The abdominal cavity was entered through an umbilical access and, usually, a multiport approach was used. As the specimen was always extracted through the abdominal wall, the retrieval site was either the umbilicus, or—if performed—the ileostomy site in the right lower quadrant. First, the inferior mesenteric vein (IMV) was identified and mobilized from medial to lateral, with care taken to preserve the anterior layer of the renal fat capsule and not to mobilize the pancreatic tail. Next, the inferior mesenteric artery (IMA) was identified and mobilized. The mesocolic plane was identified from medial to lateral preserving the fascia of Told covering the left ureter. The IMV was clipped close to the inferior margin of the pancreas, and the left colic flexure was completely mobilized. The IMA was double-clipped and transected close to its origin from the aorta (high-tie), and care was taken to mobilize the surrounding lymphatic tissue without damage to the hypogastric nerve fibers. The greater omentum was dissected from the transverse mesocolon and the lesser sac entered starting from the level of the falciform ligament. The left colic flexure was taken down. To ensure maximum mobility of the colon, the left-sided transverse mesocolon was completely mobilized, and transected close to the pancreas from lateral to medial close to the first left-sided branches of the middle colic vessels. The TME planes were completed in a circular fashion. Anteriorly, the peritoneum was only incised at the lowest point of the cul-de-sac, and the circular dissection pursued down to the level of S3.

2.4. Transanal Phase

2.4.1. Prepping of the Transanal Access

After sterile prepping, a LoneStar (CooperSurgical, Trumbull, CT, USA) retractor was put in place and the anal sphincter carefully dilated.

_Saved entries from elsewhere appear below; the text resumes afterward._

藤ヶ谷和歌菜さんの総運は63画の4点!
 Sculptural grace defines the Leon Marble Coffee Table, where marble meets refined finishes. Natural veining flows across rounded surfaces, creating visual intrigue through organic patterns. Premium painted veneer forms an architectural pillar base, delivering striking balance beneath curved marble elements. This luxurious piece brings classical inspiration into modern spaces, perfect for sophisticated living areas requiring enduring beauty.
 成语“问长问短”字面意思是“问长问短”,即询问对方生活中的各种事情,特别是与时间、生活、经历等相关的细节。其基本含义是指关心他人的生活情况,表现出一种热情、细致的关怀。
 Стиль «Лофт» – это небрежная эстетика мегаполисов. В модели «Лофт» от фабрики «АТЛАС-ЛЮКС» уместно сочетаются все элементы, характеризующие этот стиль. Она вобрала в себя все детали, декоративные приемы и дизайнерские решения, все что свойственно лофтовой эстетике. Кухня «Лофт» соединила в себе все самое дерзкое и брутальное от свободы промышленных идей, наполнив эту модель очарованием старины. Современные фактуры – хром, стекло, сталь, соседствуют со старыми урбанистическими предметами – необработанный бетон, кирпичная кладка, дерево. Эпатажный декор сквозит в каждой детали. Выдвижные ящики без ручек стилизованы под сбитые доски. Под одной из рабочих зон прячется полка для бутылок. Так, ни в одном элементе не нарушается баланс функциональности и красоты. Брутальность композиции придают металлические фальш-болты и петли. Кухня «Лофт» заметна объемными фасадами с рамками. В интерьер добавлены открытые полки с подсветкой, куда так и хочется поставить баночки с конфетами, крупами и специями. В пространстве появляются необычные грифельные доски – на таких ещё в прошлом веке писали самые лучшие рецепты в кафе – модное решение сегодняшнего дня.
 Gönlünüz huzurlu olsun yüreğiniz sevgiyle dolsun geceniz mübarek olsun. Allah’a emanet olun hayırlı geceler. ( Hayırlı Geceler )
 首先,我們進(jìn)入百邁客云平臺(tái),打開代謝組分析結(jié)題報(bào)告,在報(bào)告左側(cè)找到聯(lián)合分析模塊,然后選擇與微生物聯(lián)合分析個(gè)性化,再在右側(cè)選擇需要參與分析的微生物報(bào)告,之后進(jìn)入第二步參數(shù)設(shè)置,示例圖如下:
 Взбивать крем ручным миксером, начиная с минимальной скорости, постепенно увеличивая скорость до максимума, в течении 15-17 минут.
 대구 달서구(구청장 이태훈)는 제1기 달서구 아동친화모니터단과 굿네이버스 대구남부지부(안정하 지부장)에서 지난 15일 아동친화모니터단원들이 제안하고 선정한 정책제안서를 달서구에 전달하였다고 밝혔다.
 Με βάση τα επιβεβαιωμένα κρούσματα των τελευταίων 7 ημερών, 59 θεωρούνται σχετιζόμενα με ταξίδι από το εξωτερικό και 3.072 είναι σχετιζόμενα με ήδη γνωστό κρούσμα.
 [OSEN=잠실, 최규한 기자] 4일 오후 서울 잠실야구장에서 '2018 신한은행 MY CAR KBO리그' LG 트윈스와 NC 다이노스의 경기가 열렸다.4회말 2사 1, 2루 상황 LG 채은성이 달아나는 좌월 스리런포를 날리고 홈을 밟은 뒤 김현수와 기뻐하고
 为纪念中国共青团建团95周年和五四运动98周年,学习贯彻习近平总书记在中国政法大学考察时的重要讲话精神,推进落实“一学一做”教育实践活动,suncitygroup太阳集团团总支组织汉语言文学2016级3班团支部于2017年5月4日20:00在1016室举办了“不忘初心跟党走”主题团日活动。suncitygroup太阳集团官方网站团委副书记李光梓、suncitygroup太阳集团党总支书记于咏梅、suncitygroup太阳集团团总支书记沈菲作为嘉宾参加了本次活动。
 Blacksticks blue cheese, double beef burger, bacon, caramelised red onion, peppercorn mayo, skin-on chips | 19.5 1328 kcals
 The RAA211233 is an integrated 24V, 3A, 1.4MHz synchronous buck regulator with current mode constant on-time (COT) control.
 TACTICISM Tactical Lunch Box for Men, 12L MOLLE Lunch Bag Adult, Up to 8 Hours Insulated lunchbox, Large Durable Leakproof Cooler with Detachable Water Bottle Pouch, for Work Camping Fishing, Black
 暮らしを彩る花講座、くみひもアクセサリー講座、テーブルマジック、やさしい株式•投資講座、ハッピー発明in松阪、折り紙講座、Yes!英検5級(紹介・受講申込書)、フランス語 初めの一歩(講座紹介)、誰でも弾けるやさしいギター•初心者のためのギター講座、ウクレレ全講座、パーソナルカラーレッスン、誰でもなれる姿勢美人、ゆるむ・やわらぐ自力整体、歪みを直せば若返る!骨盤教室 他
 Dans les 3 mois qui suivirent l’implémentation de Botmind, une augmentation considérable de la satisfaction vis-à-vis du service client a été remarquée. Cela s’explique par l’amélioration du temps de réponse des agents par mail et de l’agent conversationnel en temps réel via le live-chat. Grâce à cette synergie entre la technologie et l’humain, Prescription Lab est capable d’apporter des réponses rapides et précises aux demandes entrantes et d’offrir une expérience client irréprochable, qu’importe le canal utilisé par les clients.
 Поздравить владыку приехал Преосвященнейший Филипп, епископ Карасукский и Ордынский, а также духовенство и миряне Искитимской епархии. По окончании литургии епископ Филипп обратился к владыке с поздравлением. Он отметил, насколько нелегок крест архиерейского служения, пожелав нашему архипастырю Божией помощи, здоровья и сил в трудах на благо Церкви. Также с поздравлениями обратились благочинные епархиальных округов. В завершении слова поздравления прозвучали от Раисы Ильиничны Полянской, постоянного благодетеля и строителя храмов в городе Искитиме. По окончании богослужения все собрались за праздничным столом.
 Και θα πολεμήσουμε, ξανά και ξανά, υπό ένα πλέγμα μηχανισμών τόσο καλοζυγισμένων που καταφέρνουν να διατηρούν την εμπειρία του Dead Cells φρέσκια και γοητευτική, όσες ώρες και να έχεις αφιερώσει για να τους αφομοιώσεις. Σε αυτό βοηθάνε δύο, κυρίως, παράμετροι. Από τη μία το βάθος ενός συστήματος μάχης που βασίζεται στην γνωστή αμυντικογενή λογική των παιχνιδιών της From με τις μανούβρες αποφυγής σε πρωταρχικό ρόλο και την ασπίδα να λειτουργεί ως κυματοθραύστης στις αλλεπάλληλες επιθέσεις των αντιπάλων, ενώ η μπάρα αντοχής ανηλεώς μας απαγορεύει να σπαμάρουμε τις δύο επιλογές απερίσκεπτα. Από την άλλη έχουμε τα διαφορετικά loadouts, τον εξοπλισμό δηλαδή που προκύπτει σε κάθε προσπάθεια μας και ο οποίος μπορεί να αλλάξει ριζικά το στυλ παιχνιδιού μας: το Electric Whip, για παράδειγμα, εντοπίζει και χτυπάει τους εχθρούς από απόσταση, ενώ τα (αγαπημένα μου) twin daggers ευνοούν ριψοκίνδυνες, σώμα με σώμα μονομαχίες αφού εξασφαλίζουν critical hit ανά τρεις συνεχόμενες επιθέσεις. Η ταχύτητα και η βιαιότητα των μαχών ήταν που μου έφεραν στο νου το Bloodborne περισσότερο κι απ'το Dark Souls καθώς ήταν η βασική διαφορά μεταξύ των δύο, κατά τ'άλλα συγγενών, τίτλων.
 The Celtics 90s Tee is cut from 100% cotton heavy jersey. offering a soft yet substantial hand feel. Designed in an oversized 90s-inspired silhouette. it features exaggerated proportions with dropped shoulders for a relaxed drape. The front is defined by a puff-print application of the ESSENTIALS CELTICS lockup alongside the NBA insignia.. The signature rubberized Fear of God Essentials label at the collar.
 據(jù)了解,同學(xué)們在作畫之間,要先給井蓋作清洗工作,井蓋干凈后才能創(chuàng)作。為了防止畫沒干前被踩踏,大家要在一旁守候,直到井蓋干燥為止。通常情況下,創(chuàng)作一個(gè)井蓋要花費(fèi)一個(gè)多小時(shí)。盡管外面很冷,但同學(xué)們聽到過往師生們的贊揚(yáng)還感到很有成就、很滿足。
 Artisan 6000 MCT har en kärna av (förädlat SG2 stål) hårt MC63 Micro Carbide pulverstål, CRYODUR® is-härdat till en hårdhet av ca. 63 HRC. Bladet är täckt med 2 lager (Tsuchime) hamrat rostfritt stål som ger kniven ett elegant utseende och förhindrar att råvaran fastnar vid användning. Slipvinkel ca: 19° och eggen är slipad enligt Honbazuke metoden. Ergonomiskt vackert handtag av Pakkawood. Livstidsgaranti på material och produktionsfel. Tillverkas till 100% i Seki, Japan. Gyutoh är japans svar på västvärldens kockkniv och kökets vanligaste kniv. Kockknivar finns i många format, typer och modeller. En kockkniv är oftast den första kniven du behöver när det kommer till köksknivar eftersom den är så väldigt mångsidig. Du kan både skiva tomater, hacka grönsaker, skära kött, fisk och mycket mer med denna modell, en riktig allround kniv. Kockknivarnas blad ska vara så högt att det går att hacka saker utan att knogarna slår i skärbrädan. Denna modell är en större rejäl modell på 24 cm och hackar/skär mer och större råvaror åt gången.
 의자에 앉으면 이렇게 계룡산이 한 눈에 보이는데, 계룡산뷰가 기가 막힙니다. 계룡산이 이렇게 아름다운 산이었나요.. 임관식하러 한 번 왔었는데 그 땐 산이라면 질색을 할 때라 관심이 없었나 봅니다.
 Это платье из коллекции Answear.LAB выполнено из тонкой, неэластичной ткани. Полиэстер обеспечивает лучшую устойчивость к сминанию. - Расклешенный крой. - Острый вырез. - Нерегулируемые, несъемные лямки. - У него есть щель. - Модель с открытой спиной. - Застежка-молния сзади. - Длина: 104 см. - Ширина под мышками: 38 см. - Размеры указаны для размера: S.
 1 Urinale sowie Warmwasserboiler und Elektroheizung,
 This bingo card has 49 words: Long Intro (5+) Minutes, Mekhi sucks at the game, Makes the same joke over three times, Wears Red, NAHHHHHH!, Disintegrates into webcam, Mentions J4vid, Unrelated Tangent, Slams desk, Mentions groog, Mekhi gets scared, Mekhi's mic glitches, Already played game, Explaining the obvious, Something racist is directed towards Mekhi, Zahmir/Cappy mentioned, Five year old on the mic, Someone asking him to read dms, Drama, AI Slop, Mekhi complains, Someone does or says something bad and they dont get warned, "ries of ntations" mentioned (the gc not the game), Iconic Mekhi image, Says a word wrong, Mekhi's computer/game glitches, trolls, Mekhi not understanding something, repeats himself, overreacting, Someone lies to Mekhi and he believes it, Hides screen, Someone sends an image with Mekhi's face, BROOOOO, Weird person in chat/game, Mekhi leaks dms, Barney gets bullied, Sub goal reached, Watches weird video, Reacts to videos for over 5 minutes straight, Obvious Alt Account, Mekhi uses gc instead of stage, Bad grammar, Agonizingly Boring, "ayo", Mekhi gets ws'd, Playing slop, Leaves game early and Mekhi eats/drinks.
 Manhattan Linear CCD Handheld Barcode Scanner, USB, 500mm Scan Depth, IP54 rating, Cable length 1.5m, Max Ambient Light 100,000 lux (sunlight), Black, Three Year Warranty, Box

If the tumor was located more than 2–3cm above the dentate line, the transanal port (GelPoint Path, Applied Medical) was introduced, and two wet swaps placed inside the rectum below the tumor. The transanal insufflation using the AirSeal System (CONMED, Utica, NY, USA) was initiated. The first step was a safe purse string suture using a monofilament 2–0 suture below the swap to tightly close the rectum with the tumor. The insufflation was terminated, the port opened and the purse string suture closed tightly. Next, the distal rectal stump was rinsed with iodine-saline solution. Following re-insufflation of the rectal stump, the rectum was transected using the monopolar cautery hook, and the TaTME procedure started.
In cases of lower tumors, the anal canal was dilated and a conventional anal canal retractor introduced. After positioning of a swap inside the rectum to avoid any spilling, and making sure to maintain at least a 1cm distal margin to the tumor, the rectum was cut with monopolar energy and, simultaneously, the purse string suture was set, making sure to completely evert the tumor bearing inner part of the rectum and firmly close the purse string. A second purse-string suture was set if first was insufficient. In case of very low rectal cancers (iuxtasphinteric), frozen sections from the resection surface or the external part of the rectum were performed to ensure tumor-free distal and circumferential margins (R0). After that, the transanal port was put in place and the space rinsed with iodine/saline solution. During the whole procedure, any compromise to the tightness of the purse string was immediately corrected by a second purse string sutures.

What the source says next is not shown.